Coarse-grained MD simulation of FUS Condensation with the HPS model

Notice: This tutorial is for GENESIS v1.7.0 and later!

In this tutorial we will simulate the phase behavior of the low-complexity domain of the protein Fused in Sarcoma (FUS). This domain is intrinsically disordered and able to phase separate both in vivo and in vitro. Here we employ a recently developed CG model, the HPS 1, to simulate the dynamics of FUS with GENESIS.

0. Preparation

0.1 Install necessary softwares

Same as the other CG tutorials (tutorial 11.1, 11.2, 11.3), we have to first install the GENESIS-CG-tool 2 to generate CG coordinate and topology files.

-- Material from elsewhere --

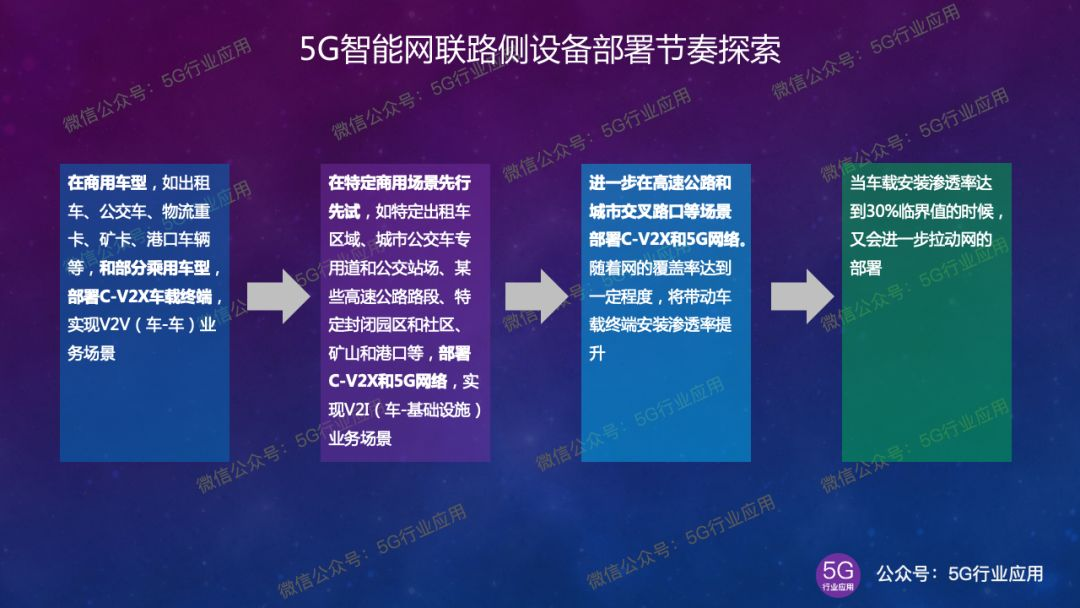 ③更进一步在高速公路和城市交叉路口等场景部署C-V2X和5G网络。随着网的覆盖率达到一定程度,将带动车载终端安装渗透率提升;

0.2 Download the files for this tutorial

All the files required for this tutorial are hosted in the GENESIS tutorials repository on GitHub.

If you haven’t downloaded the files yet, open your terminal and run the following command (see more in Tutorial 1.1):

$ cd ~/GENESIS_Tutorials-2022

# if not yet
$ git clone https://github.com/genesis-release-r-ccs/genesis_tutorial_materials

If you already have the tutorial materials, let’s go to our working directory:

$ cd genesis_tutorial_materials/tutorial-11.4

This tutorial consists of two parts: 1) system setup and 2) MD simulations of FUS condensation:

$ ls
01_setup 02_simulation

1. Setup

As we mentioned above, here we focus on the intrinsically disordered region (IDR) in the protein FUS. Unlike the normal way to get “native” information from available PDB structures, we don’t have any reference structure for IDRs. Therefore, we will generate a straight initial conformation for the IDR. With the HPS model, we expect the IDR to relax and reach an equilibrium after sufficiently long simulation.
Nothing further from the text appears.